Data quality and completeness can vary hugely depending on the source of the data. We recommend that before starting to create a data visualisation you think about the following things:

  • Reputable source: Is your data coming from a reputable source? Can you trust it?

  • Completeness: Is the dataset complete or are there gaps?

  • Accuracy: Is the data fit for purpose in terms of its positional accuracy?

  • Source Scale: Is the data fit for purpose in terms of its granularity/scale of capture?

  • Currency: When was the data published? Is it up to date? Does this matter?

  • Consistency: If you’re overlaying or joining data from different sources, do they work together – is the attribution consistent and is the data based on the same coordinate reference system or projection.

It may be that the data you have is the only option available but it’s worth considering the quality of the data before you start. If there are doubts as to the quality of the data, this could be incorporated into your data visualisation design, perhaps by blurring the edge of symbols or increasing the transparency to reflect uncertainty. Or publishing a separate or inset map which addresses data uncertainty.

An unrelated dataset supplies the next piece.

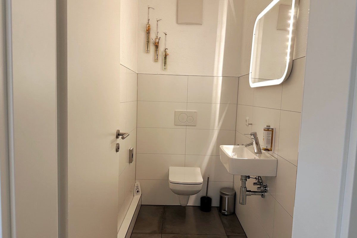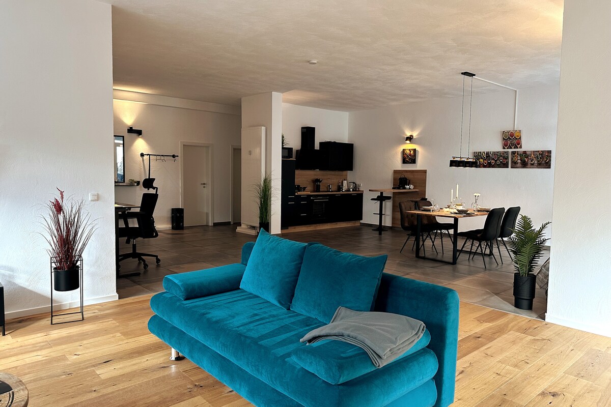 The spaceDas Apartment befindet sich im ersten Stock eines zweistöckigen Hauses mit drei Wohnungen. Du öffnest die Wohnungstüre mit dem Code und gelangst in das geräumige Apartment mit Loft-Charakter.

Not all datasets will be free to use/publish and there may be limits on its use and distribution. Make sure you check the licencing terms carefully before publishing anything. On the data visualisation itself make sure you credit the source of your data appropriately; this will likely include a copyright statement.

Data formats

Geospatial data can come in many different formats and the format of your data may influence the software you use to analyse and display it. Or the software might determine what file format you need. Below we provide a brief summary of some of the main geospatial data formats.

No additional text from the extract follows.